Le Time Magazine, fondé en 1923, fait partie de la presse institutionnelle aux Etats-Unis. Il organise régulièrement des événements « people » qui mettent en vitrine certaines personnalités. Dans les années précédant la deuxième guerre mondiale, les responsables du magazine avaient créé « The man of the year » (l’homme de l’année) et ils ont ainsi réservé cet honneur à des individus tels que Joseph Staline ou Adolf Hitler…
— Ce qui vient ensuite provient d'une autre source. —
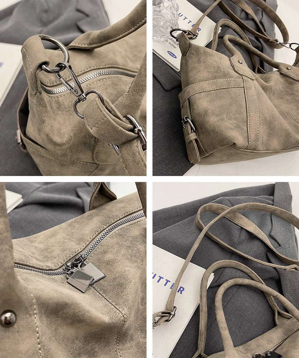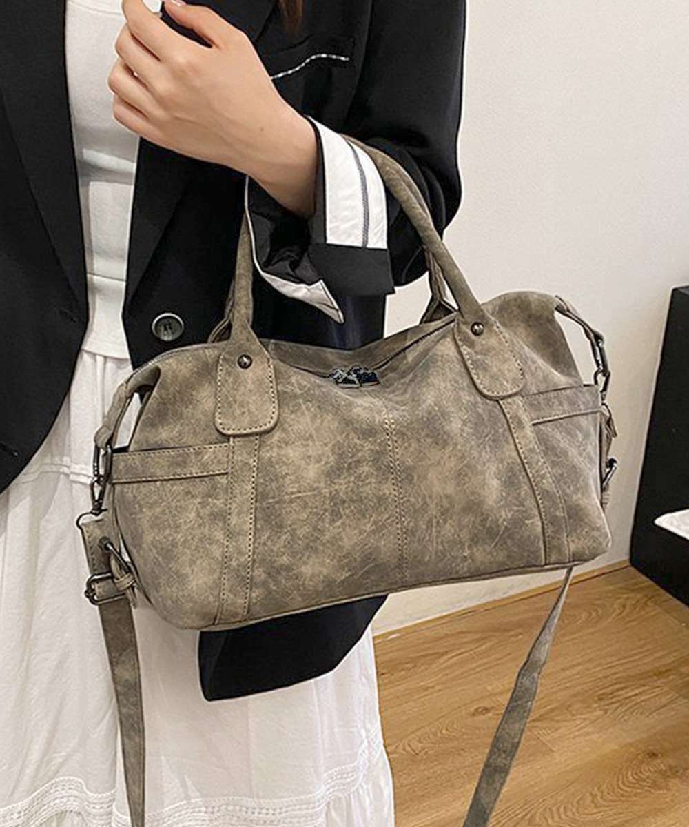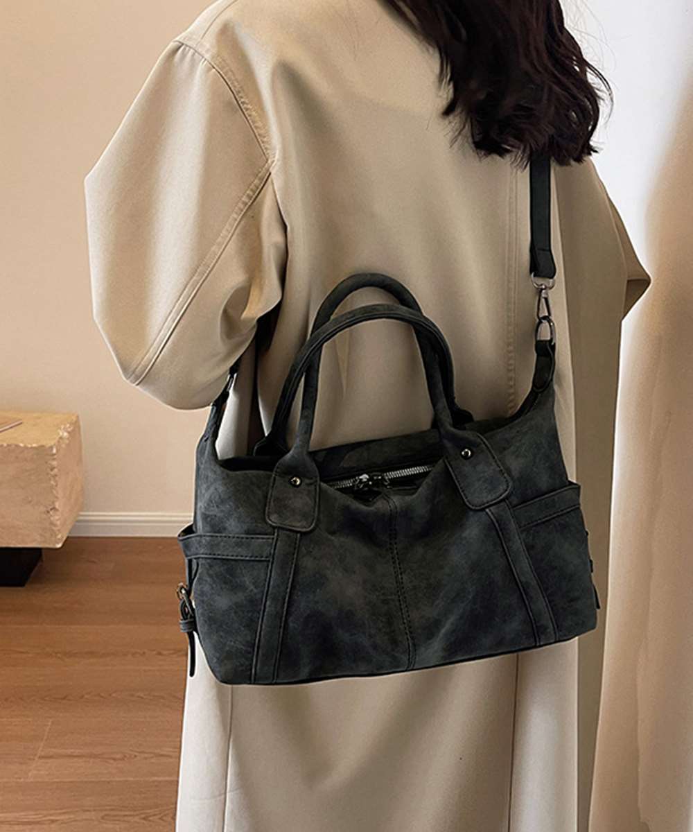 柔らかなフェイクレザーで仕上げた、ヴィンテージライクなトートバッグ。

Depuis 1998, le Time a mis en place le Time 100 qui célèbre les « cent personnalités les plus influentes de l’année ». Marine Le Pen fait partie de la liste 2015. Elle y côtoie notamment le Coréen Kim Jong-Un, le Français Thomas Piketty, le Pape François, Vladimir Poutine, Barack Obama, Angela Merkel, Alexis Tsipras et quelques dizaines d’autres dont de nombreux artistes et animateurs de médias… Evidemment on ne peut que se demander pourquoi un tel honneur à la chef d’un parti d’opposition arrivé troisième dans une élection qui a mobilisé moins de la moitié des inscrits dans un pays comme la France où elle n’assume aucun poste de responsabilité. C’est accorder une importance plus que démesurée à ce personnage. Comme les responsables du Time ne sont pas complètement idiots, on ne peut lire dans cette invitation qu’une petite opération politicienne dirigée contre les gouvernants français. C’est aussi une nouvelle manœuvre visant à la banalisation d’un parti fasciste dont les racines et les thèses sont une insulte pour la démocratie.

Pourtant, c’est sans hésitation que la chef du parti d’extrême droite, anti-américaine, anti-système, toujours prête à dénoncer la peopolisation, habillée comme une star d’Hollywood, s’est précipitée sur le tapis rouge avec le sourire béat de circonstance, pour assister au gala qui s’est déroulé à New York le 21 avril…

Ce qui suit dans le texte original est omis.